Тишина застряла бабкой добренькой
Посреди дворов на много суток.
Лишь казацкие папахи домиков
Будут звякать бахромой сосулек.
Стихи проросли из земли сквозь прорехи в подстилке. А теперь давай доскажу про дядю Федю. Не хочется оставаться без эпилога. Дядя Федя заболел. Это случилось, наверное, через пару лет после того, как я у них гостил. В начале лета его привез в город Воробей. Центер тоже приехала. В свои двенадцать лет она превосходила отца по весу. Но превосходила потому, что дядя Федя очень сдал – он был худ и желт. Он сидел на телеге, свесив ноги, и не мог спрыгнуть на землю.
Воробей связал вожжи узлом и подошел к нему.
– Дядь Федь, может, закуришь?
Дядя Федя взял у Воробья «Приму», сделал затяжку, сплюнул на ладонь крошки пересушенного табака и в слюне затушил сигарету.
– Не хочется. Да и врач не велел.
– И в магазин не надо?
– Не, – дядя Федя спрятал бычок в карман. – Вить, я к вам не поднимусь. Хотел, да не могу. Лучше сразу в больницу. Я там надолго, может, зайду еще. Томка, отнеси им молока. И пустую банку забрать у них не забудь. Воробей, поехали. А вы догоняйте.
У Томки было широкое круглое лицо с маленькими глазками, как у отца. То, что я когда-то трогал, было уже очень большим – убить можно, если с размаху.
А в один из базарных дней приехала тетя Варя. Она пришла с рынка с покупками и запричитала:
– Все ему купила! И рубашку, и покрывальце, и туфли. Не в сапогах же его...
– А разве... Уже все? – спросила мама.
– Врач говорить – на днях. Хотела у вас покупки оставить, да машина от больницы нынче должна быть.

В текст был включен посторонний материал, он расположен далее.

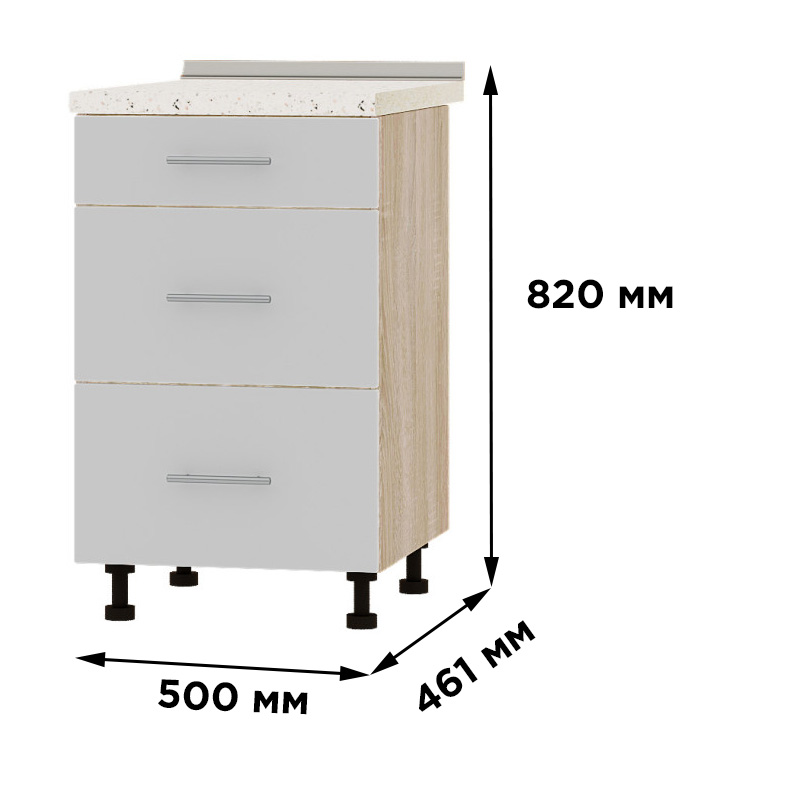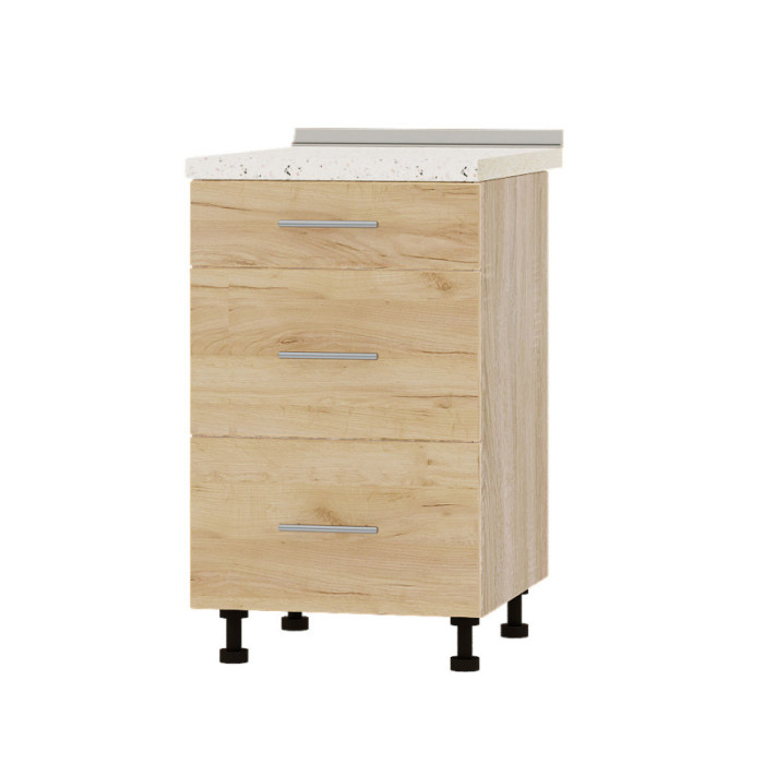 Модуль оснащен тремя выдвижными ящиками на телескопических направляющих, которые обеспечивают плавное и бесшумное открывание. Изготовленный из качественного ламинированного ДСП толщиной 16 мм с отделкой фасадов кромкой АБС (1 мм), модуль поставляется без столешницы, что позволяет выбрать ее отдельно по цвету и материалу в соответствии с дизайном вашей кухни.

– Витя, помоги тете Варе отнести в клинику, – попросила меня мама.
В палате, где коек было не счесть, я не увидел дяди Феди. Тетя Варя его тоже не сразу узнала. Он лежал у стены и смотрел на нас. Вернее, на сетки в моих руках.
– Варька, ты чего-то много накупила, – он разглядывал покупки без улыбки. – И туфли даже... Это Томке? Томке велики. Значит, мне?
Наверное, до тети Вари только тогда дошло, что она натворила.
– Феденька...
– Значит, пора уже?
– Феденька, как выйдешь из больницы, так пригодятся...
– Никогда я туфель не носил. Эх, Варька... – Он отвернулся. Тетя Варя заплакала. – Варя, сходи принеси водки и «Примы».
– Нельзя тебе, Феденька.
– Иди, говорю. – Когда она ушла, он спросил: – Курить есть?
– Не курю, дядя Федя.
– Бросил? – пошутил он. – Дай-ка мой пиджак. В кармане должно быть.
Я достал тот давнишний недокуренный бычок. Табак высыпался почти весь. Но на пару затяжек хватило. Пришла тетя Варя и отправила меня домой. В окно я видел, как дядя Федя пил водку прямо из бутылки, расплескивая. Водка текла по подбородку. К утру он умер. Я помогал ставить гроб на телегу. Помню, что левый туфель неоднократно спадал с ноги дяди Феди. Размер был его, но ступня за болезнь усохла. Воробей и Центер сидели на телеге спинами друг к другу. Тетя Варя едва нашла себе место. Гроб на телеге не помещался.
***
Помолчав, Лукин добавил:
– Не сказал, что дядя Федя заболел, как только в деревню стали тянуть электричество. Показалось, слишком литературно выйдет. Но совпало.
Потом мы стали трещать без умолку, перескакивая с предмета на предмет. Какие-то реплики запомнились, хотя не всегда помнились их авторы: «Ты что: меня учиться к пейзанам отправляешь? – Ни в коем случае! Они тебе только вздор наговорят... Я, как всякий, стремящийся к истине, а не оригинальности… – Обожди, обожди, обожди!»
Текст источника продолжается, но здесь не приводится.